## Task objective
Print the data exactly. Pictures stay out.

==== Input data

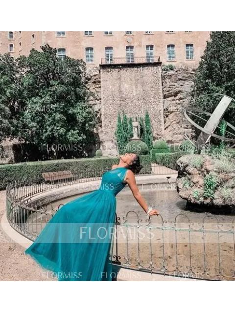• A-line Chiffon V-neck Pleated Floor-Length Porm Dress
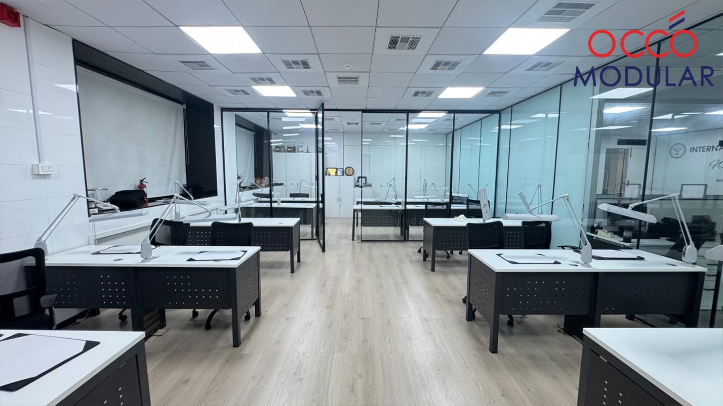We created a smart layout that maximized available space while ensuring smooth circulation. The open workstation area was designed to encourage teamwork, while cabins and meeting rooms ensured privacy. We installed ergonomic furniture and modular workstations to improve posture, productivity, and flexibility. he executive cabins were designed with: Premium finishes Statement lighting Acoustic treatment for privacy Minimalist yet sophisticated furniture . Brand colors, textures, and design elements were incorporated subtly across the office interior to maintain professional consistency.
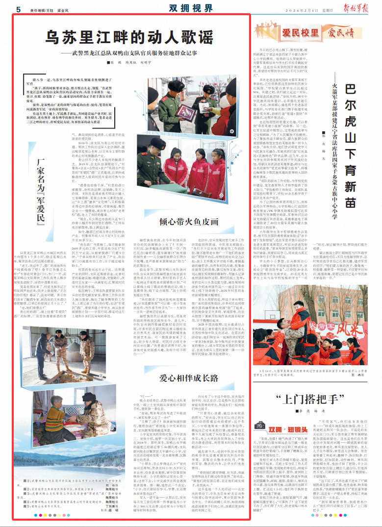 在这片黑土地上,军民携手耕耘,共同建设起产业兴旺、民族团结,老有所养、幼有所学的和美乡村。寒冬腊月,笔者走进三江之畔的村庄,聆听爱民为民、鱼水情深的动人歌谣。

========

## Written response
• A-line Chiffon V-neck Pleated Floor-Length Porm Dress
We created a smart layout that maximized available space while ensuring smooth circulation. The open workstation area was designed to encourage teamwork, while cabins and meeting rooms ensured privacy. We installed ergonomic furniture and modular workstations to improve posture, productivity, and flexibility. he executive cabins were designed with: Premium finishes Statement lighting Acoustic treatment for privacy Minimalist yet sophisticated furniture . Brand colors, textures, and design elements were incorporated subtly across the office interior to maintain professional consistency.
 在这片黑土地上,军民携手耕耘,共同建设起产业兴旺、民族团结,老有所养、幼有所学的和美乡村。寒冬腊月,笔者走进三江之畔的村庄,聆听爱民为民、鱼水情深的动人歌谣。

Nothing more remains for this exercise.